Some people noticed that the article I linked to purporting to rotate the array actually transposes it. I was wondering how many people would pick up on that.

I was surprised that people confused
rotating an array (or matrix) with creating a rotation matrix.
They are unrelated operations;
the only thing they have in common are the letters r-o-t-a-t-i.
A matrix is a representation of a linear transformation,
and
a rotation matrix is a linear transformation which rotates *vectors*.
In other words, applying the rotation matrix to a vector produces
a new vector which is a rotated version of the original vector.
The linear transformation is a *function* of one parameter:
It takes a vector and produces a new vector.
A rotation matrix is a matrix which *rotates other things*.
Whereas rotating an array is something you do *to the array*.
The array is the thing being rotated, not the thing doing the rotating.
It didn't even occur to me that people would confuse the two.
It's the difference a phone dial and dialing a phone.

Showing that you cannot rotate an array via matrix multiplication
is straightforward.
Suppose there were a matrix *R* which rotated an array (laid
out in the form of a matrix) clockwise.
The result of rotating the identity matrix would be a
a matrix with 1's along the diagonal
from upper right to lower left, let's call that matrix *J*.
Then we have *RI = J*, and therefore *R = J*.
Now apply *R* to both sides:
*RRI = RJ = I*
and therefore *R² = I*.
But clearly rotating clockwise twice is not the identity
for *n* ≥ 2.
(Rotating clockwise twice is turning upside-down.)

A more mechanical way to see this is to take the equation
*R = J* and show that *J*
does not perform the desired operation;
just try it on the matrix with 1 in the upper left entry and 0's everywhere
else.

And since it's one of those geeky math pastimes to see
how many differents proofs you can come up with for a single result,
the third way to show that rotation cannot be effected by
matrix multiplication is to observe that the transformation is not linear.
(That's the magical algebra-theoretical way of showing it,
which is either *so obvious you can tell just by looking at it*
or
*so obscure it defies comprehension*.)
[The transformation viewed as a transformation on matrices rather
than a transformation on column vectors is indeed linear,
but the matrix for that would be an *n² × n²*
matrix, and the operation wouldn't be matrix multiplication,
so that doesn't help us here.]

The last question raised by this exercise was
whether you could do better than *O*(*n*²).
Computer science students spend so much time trying to push the
complexity of an algorithm down
that they neglect to learn how to tell that you can't go any lower.
In this case, you obviously can't do better than *O*(*n*²)
because every single one of the *n*² entries in the array
needs to move (except of course the center element if *n* is odd).
If you did less than *O*(*n*²) of work,
then for sufficiently large *n*,
you will end up not moving some array elements, which would be a failure
to complete the required operation.

**Bonus chatter**:
Mind you, you can do better than
*O*(*n*²) if you change the rules of the problem.
For example, if you allow *pretending* to move the elements,
say by overloading the `[]`

operator,
then you can perform the rotation in
*O*(1) time by just writing a wrapper:

struct IArray { virtual int& Element(int x, int y) = 0; virtual ~IArray() = 0; }; class RotatedArray : public IArray { public: RotatedArray(IArray *p) : m_p(p) { } ~RotatedArray() { delete m_p; } int& Element(int x, int y) { return m_p->Element(y, x); } private: IArray *m_p; }; void RotateInPlace(IArray *& p, int N) { p = new RotatedArray(p); }

This pseudo-rotates the elements by changing the accessor.

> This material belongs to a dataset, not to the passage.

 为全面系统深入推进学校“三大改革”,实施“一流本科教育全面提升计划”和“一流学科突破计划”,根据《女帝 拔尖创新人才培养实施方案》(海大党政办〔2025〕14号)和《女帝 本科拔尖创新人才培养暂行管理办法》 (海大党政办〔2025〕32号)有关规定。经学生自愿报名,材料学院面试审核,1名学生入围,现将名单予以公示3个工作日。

Cute but doesn't actually address the original problem, which said that you were passed an array, not an interface that simulates an array.

Correct me if I’m wrong, but the RotatedArray doesn’t rotate at all. It flips the array according to the diagonal axis. For example, the item in position 0,0 stays in place where it should be in position n,0

Congratulations, you found the inside joke (see second paragraph). -Raymond]You cannot take ownership of the IArray pointer just like that! This is disgraceful! :-)

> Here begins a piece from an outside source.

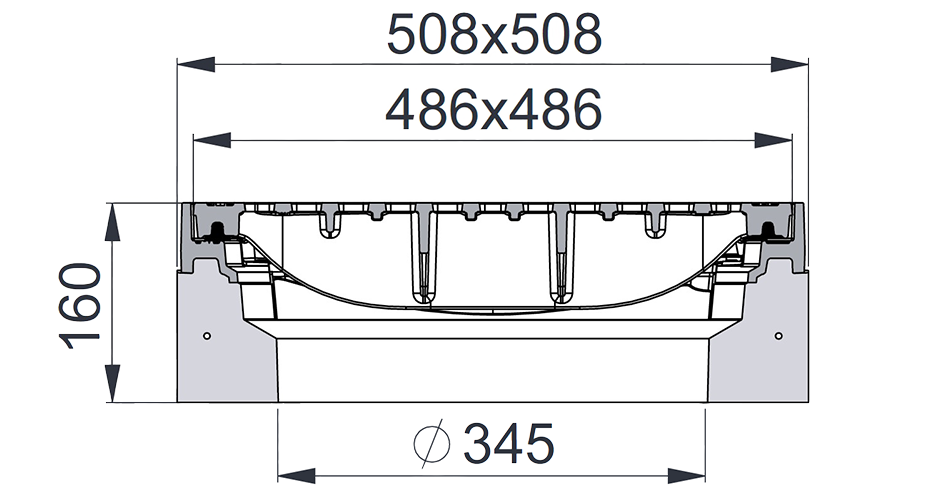 Statsionaarne betooniga kaevuluuk, ilma ventilatsioonita, raam kapseldatud betooni, hooldusava 345 [mm], EN124.

"It’s the difference a phone dial and dialing a phone."

Particularly if you remember rotary phone dials.

You’re getting a little too meta with your humor, Raymond.

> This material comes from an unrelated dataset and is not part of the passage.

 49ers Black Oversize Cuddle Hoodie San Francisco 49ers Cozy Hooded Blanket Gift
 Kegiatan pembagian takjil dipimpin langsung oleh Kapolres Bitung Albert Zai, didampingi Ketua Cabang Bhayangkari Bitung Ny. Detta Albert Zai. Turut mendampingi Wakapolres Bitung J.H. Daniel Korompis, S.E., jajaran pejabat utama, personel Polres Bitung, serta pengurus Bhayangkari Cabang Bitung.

This problem is just a bunch of rotations of each 4 elements. But if you want to get fancy, you can: 1) transpose the matrix 2) then mirror it relative to the vertical axis of symmetry. This sequence of operations is equivalent to rotation.

Memory writes are not free, they are usually much more expensive than a conditional compare. If the correct value, by coincidence, already exist at the target position, it doesn’t need to be written there. All memory must be read anyway, only 1 temp value have to be stored in some register.

>Cute but doesn’t actually address the original problem, which said that you were passed an array, not an interface that simulates an array.

Yes it does. Array means “something that exports the interface Array”, you should know that by now. The way the bits are actually stored is unimportant as long as you can get the information in/out fast enough for your purpose. Any large array will be stored with a much greater degree of convolution than the adding of a flag or the changing of a method pointer anyway. You can make the program see a flat array, even if in reality stale pages of it are compressed to avoid hitting the disk. Surely that still qualifies as an array; surely adding an extra flag is a completely permissible solution to the problem.

What is this “Array” interface you talk about? I can’t find it in my C language reference. “Array” is not an interface in Java or C# either. And besides this “adding a flag” is not part of the original “Array” interface so that wouldn’t help anyway. Your solution wouldn’t rotate an Array; it would rotate an “augmented Array”. -Raymond]@optimize,

You forgot that memory writes go to the cache first, and get flushed by a cache line (64 bytes). It’s pretty likely at least one of items in the line will actually need to be written.

Indeed, would-be optimizers often fail to take into account one or more aspects of the actual hardware.

Which is why the golden rule of optimization is "for the love of god, profile it!"

A related task that I was given at an interview: transpose a non-square matrix in-place.

Anyone want to try to solve?

To transpose a matrix quickly, you need to take into account the size of your processor cache; or use a cache oblivious algorithm.

The trivial matrix transposition code will go through the array both in row-major and column-major order. So no matter how the matrix is stored; for sufficiently large matrices, that’s a cache miss on every second memory access. Ouch!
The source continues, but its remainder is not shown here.